Segment Open

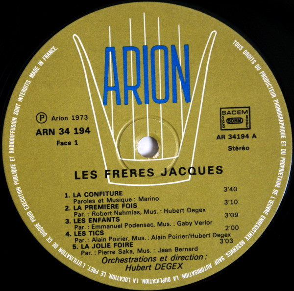 Les Frères Jacques – La Confiture (LP, Album, Gat)
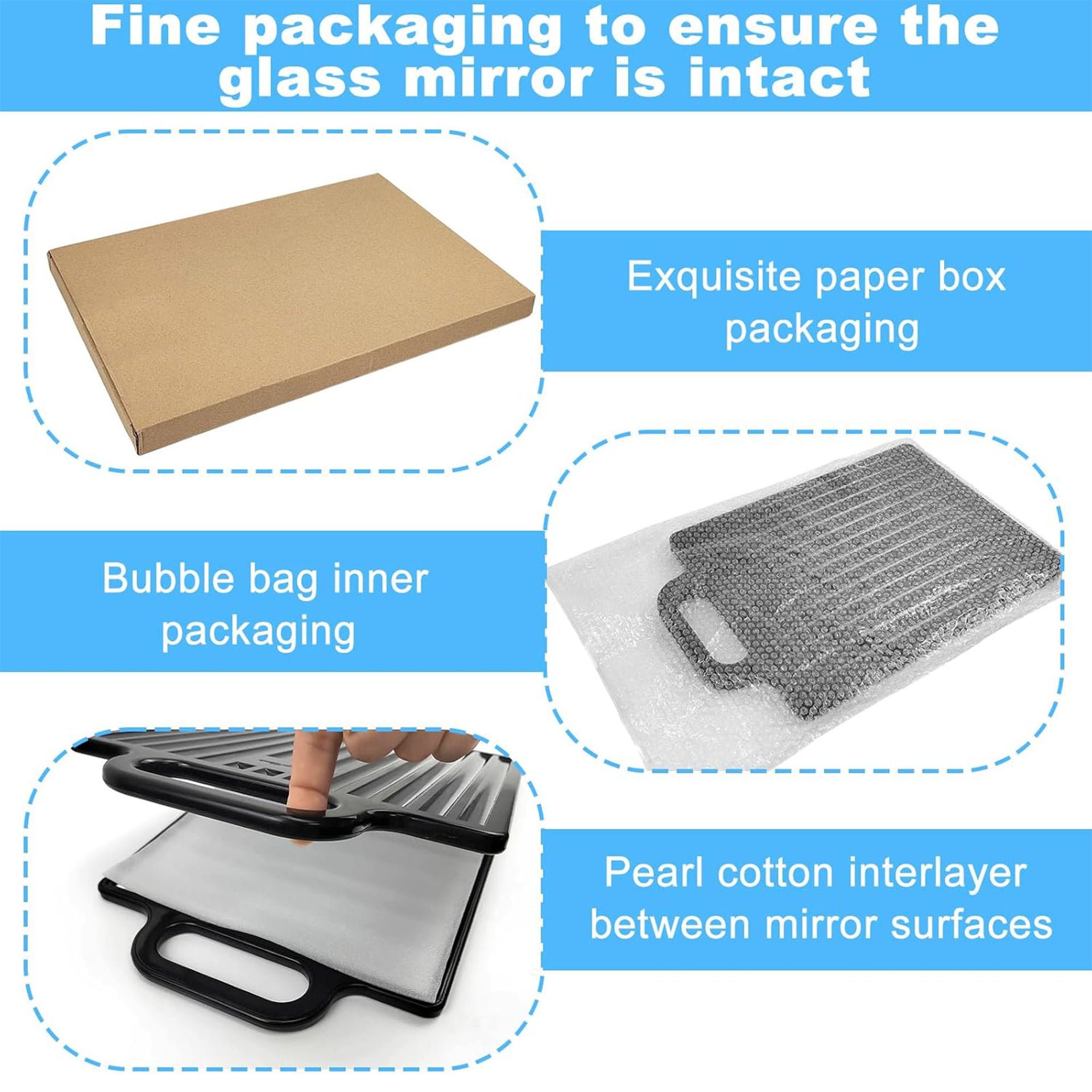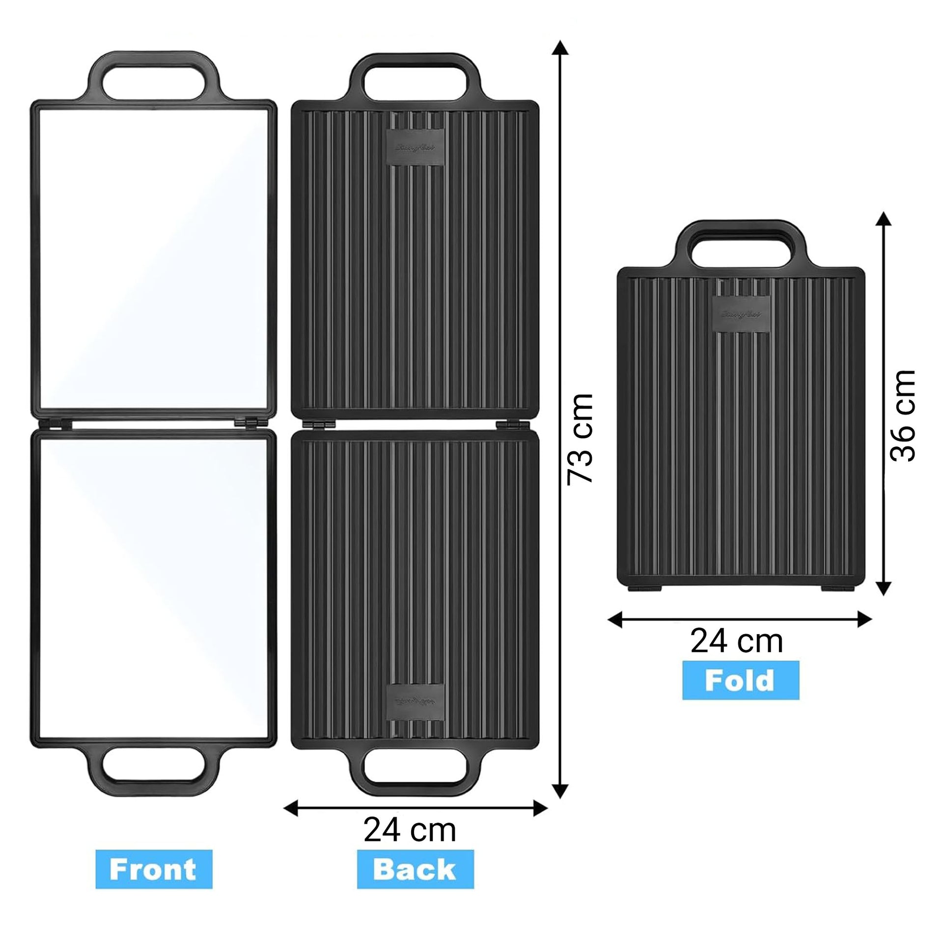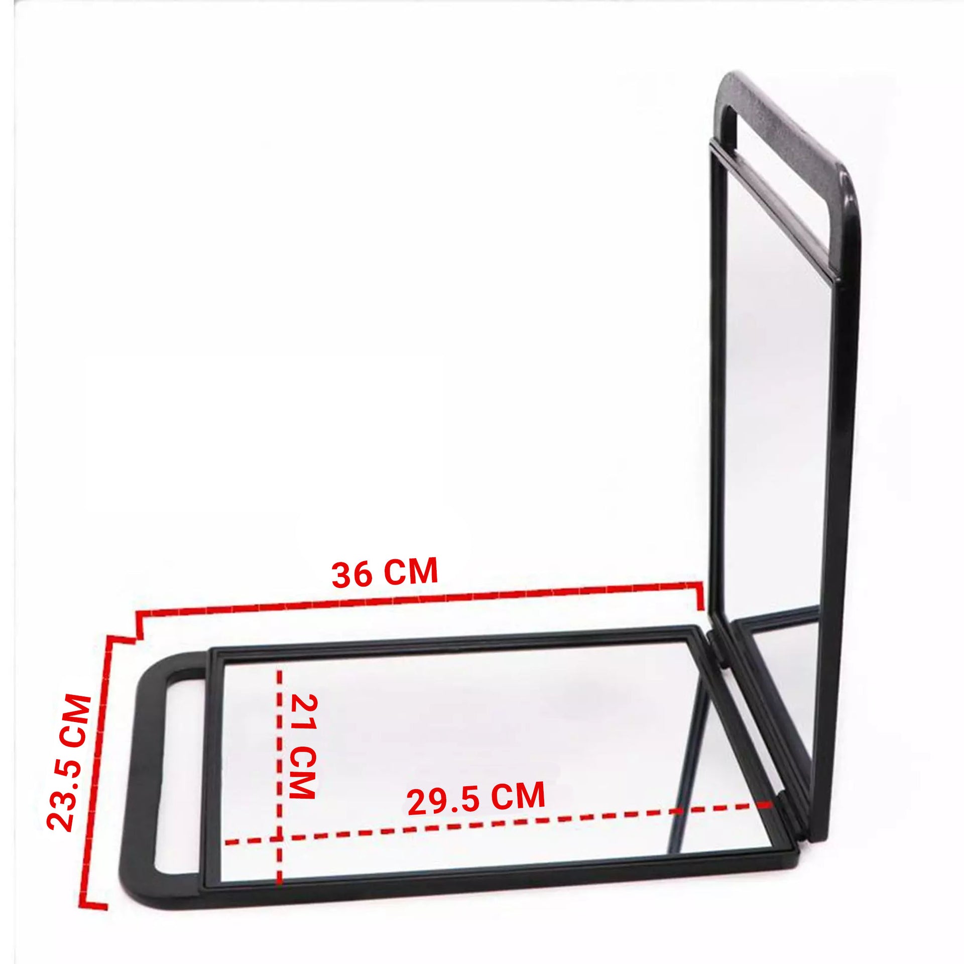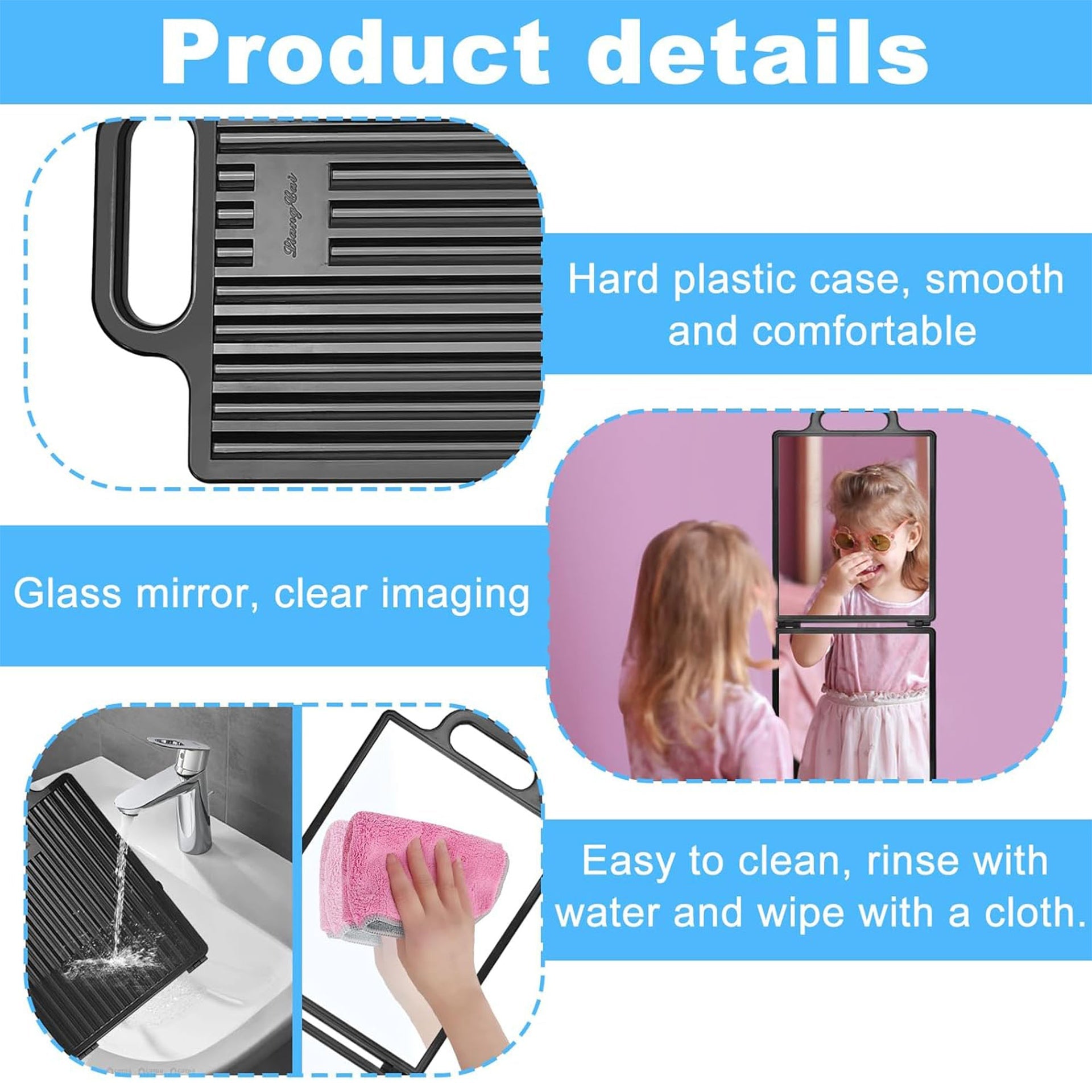Unfold mirror completely before use, grip firmly using designated handle, and angle as needed for optimal viewing. Fold carefully after use for storage.
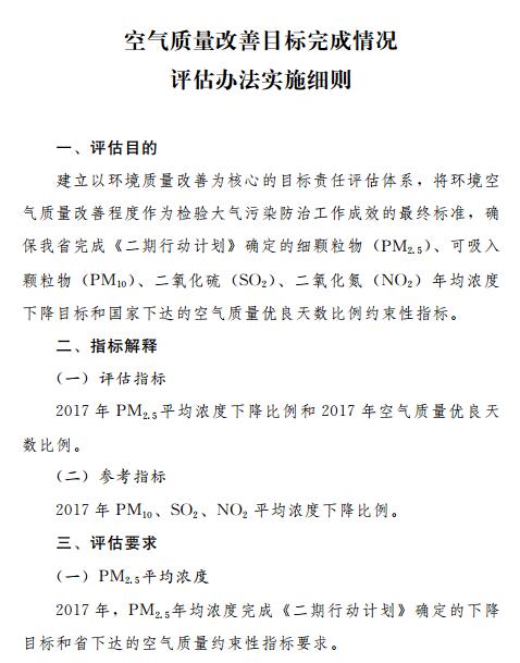 第十一條具體評估指標由省環(huán)保廳會同有關部門按照國家和省委、省政府工作部署適時進行調整。《二期行動計劃》完成后,所涉及評估內容順推為《三期行動計劃》確定的內容,以此類推。
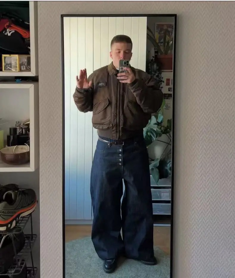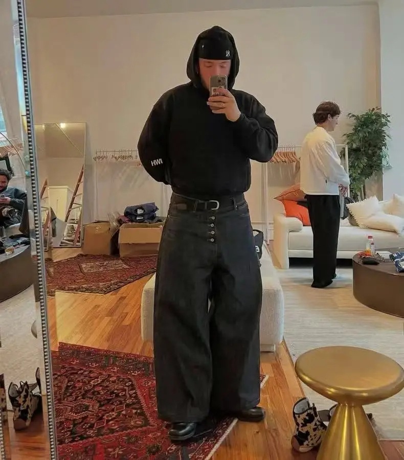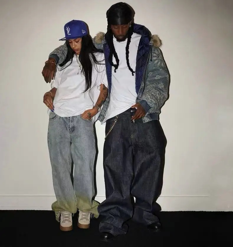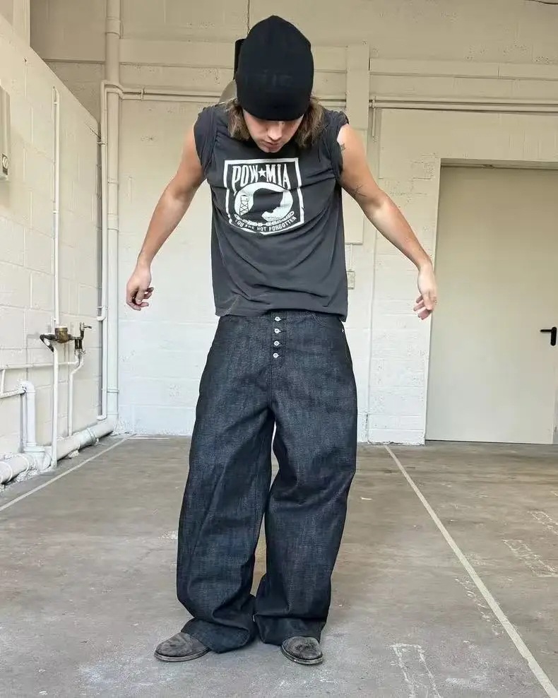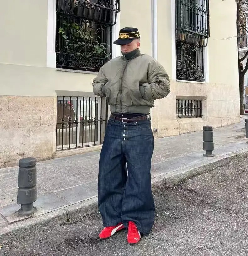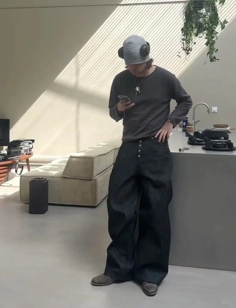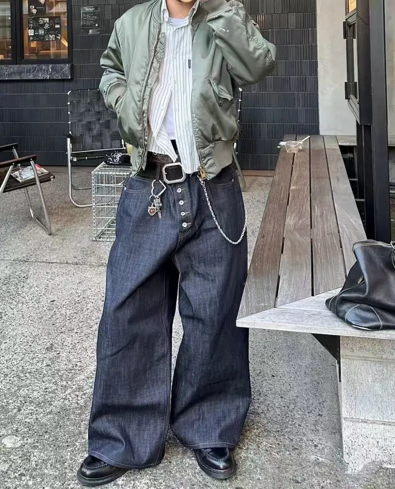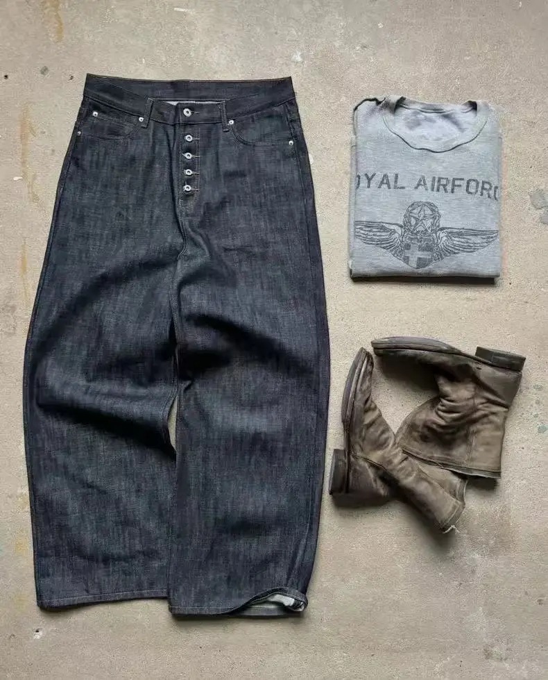 Europa y Estados Unidos transfronterizos retro estilo americano alta tendencia de la calle botones personales jeans de color sólido casual pantalones de piernas largas
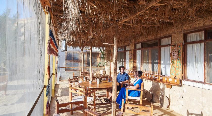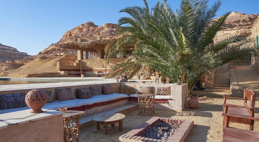 The oasis of Siwa and its surroundings and especially this PERFECT ACCOMMODATION were the only positive exception concerning the people (not a single scam, only respectful people in Siwa). The hostess is a wonderful, open-minded, educated, uncomplicated and honest woman and the staff consists of extremely respectful, friendly and always helpful people. Even my wife never felt uncomfortable or "ogled" when bathing in her swim suit. The rooms are simple but large, cosy and tastefully furnished. All windows are fitted with fine-mesh nets, which meant we could sleep with the windows open at night without having mosquitoes in the room. We had a USB socket to charge our mobile phones in the room. In the public area also 230V sockets are provided. An encrypted wifi network was indicated on the mobile phone, but we had no need and therefore did not ask. Candles are provided free of charge which make evenings in the room or in the private lounge outside even cosier. There is a very large natural pool and extensive relaxing areas with plenty of sun and shade spots. Furthermore, it is only a 3 min walk to the lake. There, the accommodation also provides sun loungers and shady shelters. What is also particularly impressive is that the rocks rise directly behind the accommodation, to which one can walk with simple shoes. The rocks offer a wonderful view and are also very interesting themselves due to the many fossils in the rocks. Breakfast and the optional dinner are freshly prepared daily and extremely delicious. The portions are more than generous. The whole area is very quiet. Siwa town is a 10-minute drive away. Having your own car is the best option. There is no public transport to the accommodation, but in Siwa town there are taxis and tuktuks available which will take you to Talist Siwa for little money. On our trip, Talist Siwa was the most beautiful and best accommodation and we would choose it again anytime.
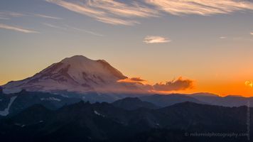 An awe-inspiring aerial view of Mount Rainier silhouetted against a fiery Pacific Northwest sunset. Layers of alpine ridges fade into the distance as glowing orange and magenta clouds drift across the horizon. Captured high above Washington’s Cascade Range, this fine art photograph reveals the dramatic beauty and timeless majesty of Rainier at day’s end. Ideal for fine art collectors, wall décor, or commercial licensing. Captured by Mike Reid Photography.
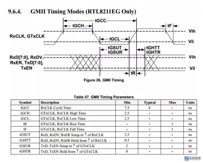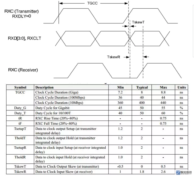 在百兆网模式下,其RXCLK的周期为40ns,也就是25M,数据端口RXD只用了4根线RXD[3:0],然后25M*4 = 100M,这样算出来,就是100M的速率了。接着再来说一下千兆网,千兆网的接口,就目前接触比较多的接口有3种,GMII,RGMII和SGMII。先说GMII,RxClk的周期为8ns,也就是125M,数据端口使用了8bit,125M*8 = 1000M,速率就是千兆网了。

Segment Closed

§ **TASK BRIEF**:
What to print is the stretch of entries from the line with "第十一條具體評估指標由省環(huán)保" up to and including the line with "Europa y Estados". Please print it exactly and leave out the pictures.

§ **RESULT**:
 第十一條具體評估指標由省環(huán)保廳會同有關部門按照國家和省委、省政府工作部署適時進行調整。《二期行動計劃》完成后,所涉及評估內容順推為《三期行動計劃》確定的內容,以此類推。
 Europa y Estados Unidos transfronterizos retro estilo americano alta tendencia de la calle botones personales jeans de color sólido casual pantalones de piernas largas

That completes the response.